Instructions for the task: Look below for the line that has "Results from the"; output exactly from it through the line that has "1、开局一把斧子,骑着野猪,就可以把怪物给打了。", and leave the pictures out.

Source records

◆ ◆ ◆ ◆

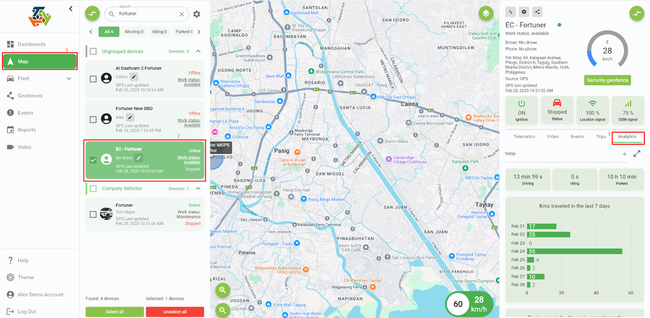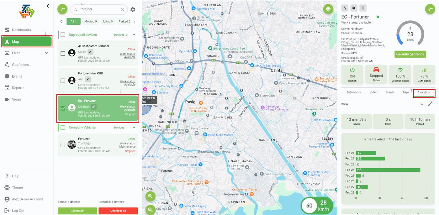 To navigate, go to the 'Maps page', select a device you want to check the analytics, and there will appear a new panel on the right side. Finally, click ‘Analytics tab’, and you can now see the key performance metrics for the selected device.
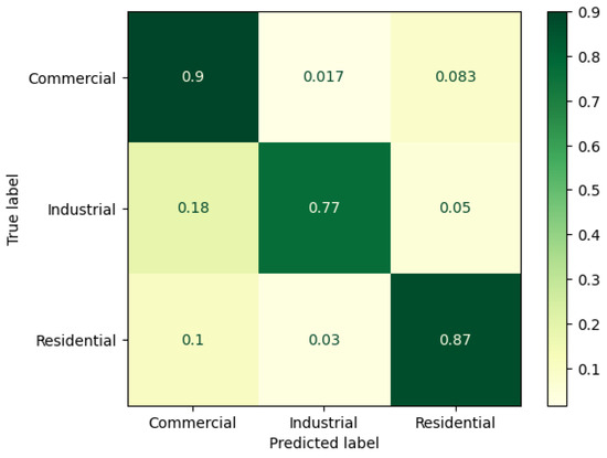 Results from the rule-based classification algorithm are shown in the confusion matrix of Figure 4. There is a significant imbalance in the number of available datasets for each category, which poses a challenge for conducting comprehensive analyses. To address this issue, we have divided the underrepresented datasets into more subsets (6 subsets in the case of residential datasets, and 30 in industrial and commercial datasets) to ensure a balanced representation across different categories. This approach allows for a more equitable distribution of data, enhancing the robustness of the analysis while reducing potential biases caused by the overrepresentation of certain dataset types. By doing so, we aim to provide a more thorough and accurate evaluation that accounts for the inherent data discrepancies. The algorithm performs correctly in overall 85% of the cases. The industrial datasets are classified correctly 77% of the time, accuracy in residential datasets is 87%, and accuracy in commercials is 89%. These values comply with the established KPIs, which state that the classification algorithm must cluster consumers (residential, commercial, industrial) with a precision of >75%.
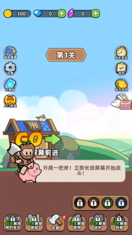 1、开局一把斧子,骑着野猪,就可以把怪物给打了。
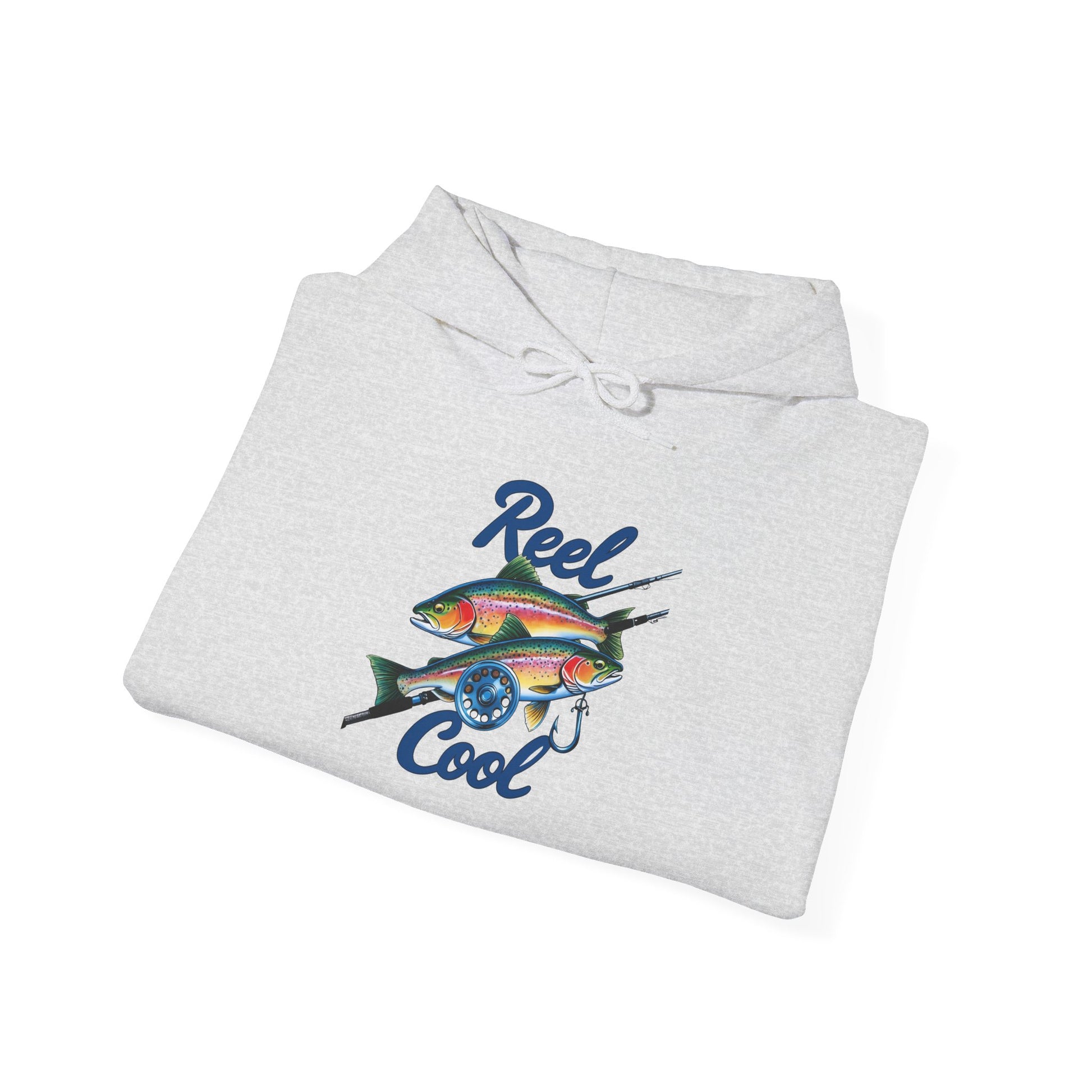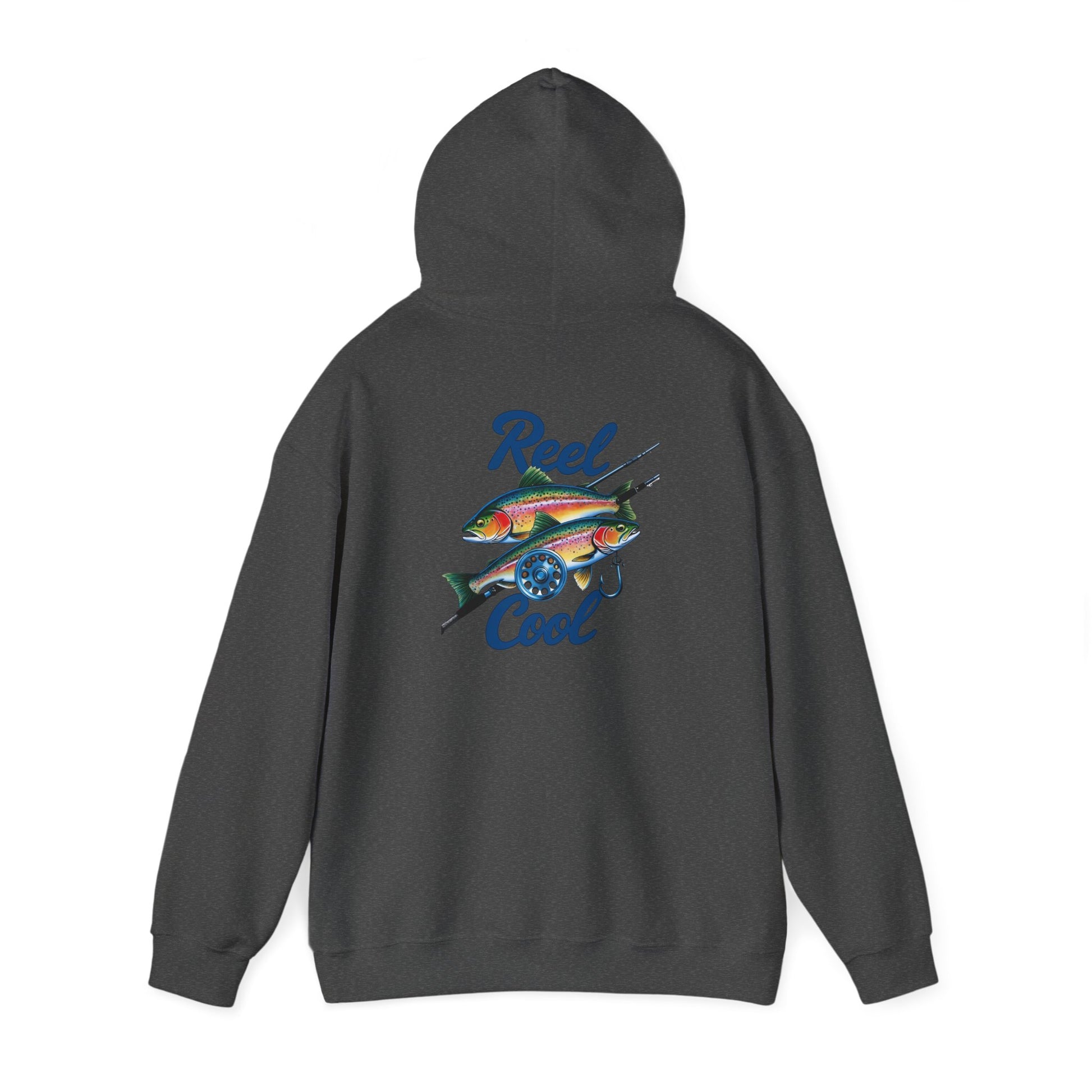 REEL COOL Hoodie heavy blend hooded sweatshirt is relaxation itself. Made with a thick blend of cotton and polyester, it feels plush, soft and warm, a perfect choice for any cold day. In the front, the spacious kangaroo pocket adds daily practicality while the hood's drawstring is the same color as the base sweater for extra style points.
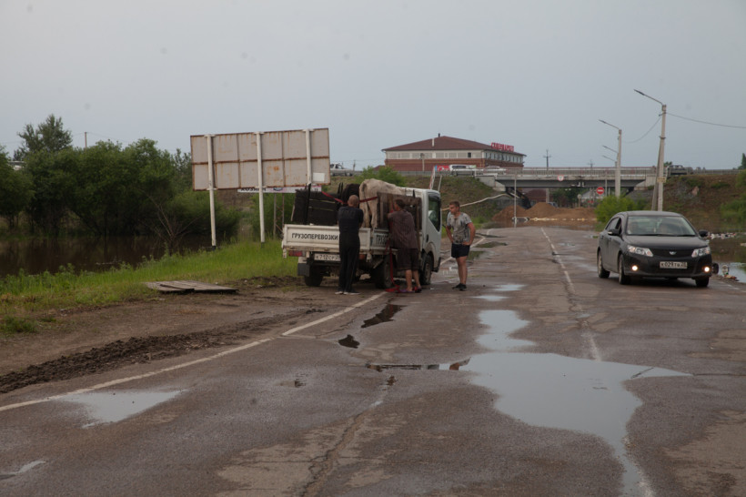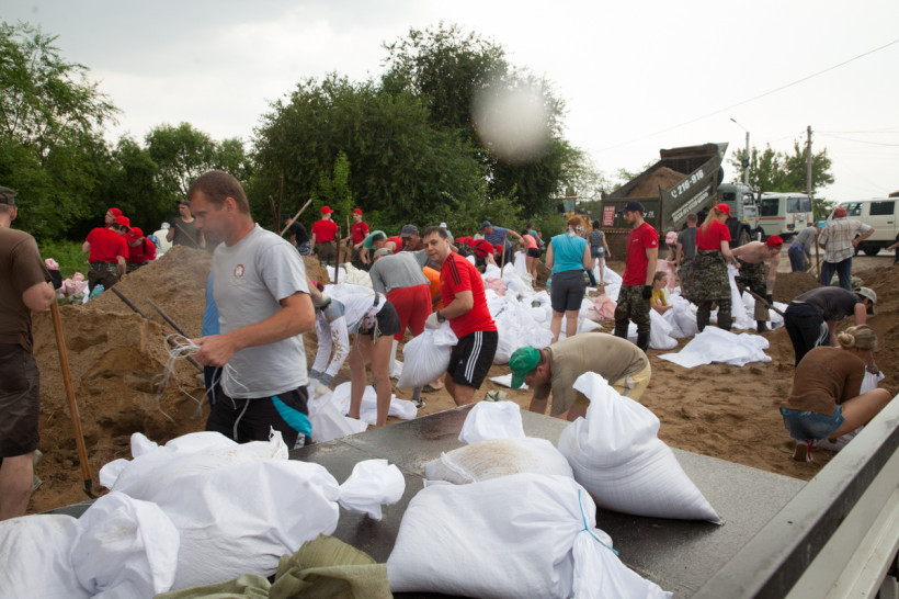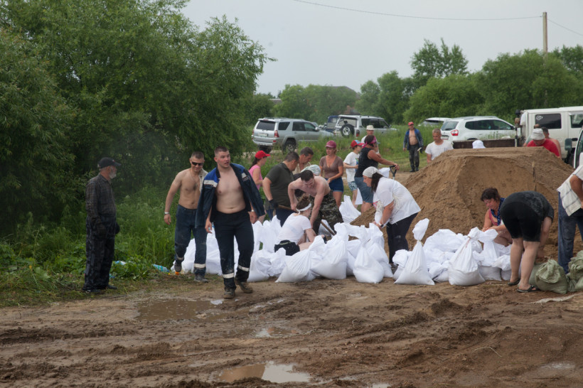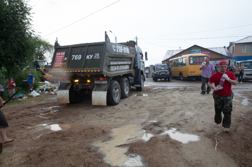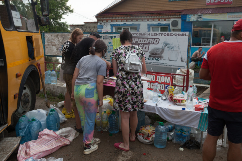 — Вчера утром ехала на работу, та часть села была еще сухая. А когда возвращалась с полей, пошла вода водопадом и протока начала наполняться. За ночь половина села ушла под воду. В этом месте вода идет с протоки. Зея — мощная, куда ей деваться, вот и пришла на поля, а потом к нам. Половина села уже под водой. Осталась наша одна спасительная артерия — центральная дорога. С одной стороны уже море, а вторую — пытаемся спасти. Три дня назад поставили блоки, сделали дамбу. Но вода наступает. Сегодня как раз переломный момент — справимся или нет. Рабочих рук, техники не хватает. Спасибо огромное волонтерам.

◆ ◆ ◆ ◆

Written solution:
 Results from the rule-based classification algorithm are shown in the confusion matrix of Figure 4. There is a significant imbalance in the number of available datasets for each category, which poses a challenge for conducting comprehensive analyses. To address this issue, we have divided the underrepresented datasets into more subsets (6 subsets in the case of residential datasets, and 30 in industrial and commercial datasets) to ensure a balanced representation across different categories. This approach allows for a more equitable distribution of data, enhancing the robustness of the analysis while reducing potential biases caused by the overrepresentation of certain dataset types. By doing so, we aim to provide a more thorough and accurate evaluation that accounts for the inherent data discrepancies. The algorithm performs correctly in overall 85% of the cases. The industrial datasets are classified correctly 77% of the time, accuracy in residential datasets is 87%, and accuracy in commercials is 89%. These values comply with the established KPIs, which state that the classification algorithm must cluster consumers (residential, commercial, industrial) with a precision of >75%.
 1、开局一把斧子,骑着野猪,就可以把怪物给打了。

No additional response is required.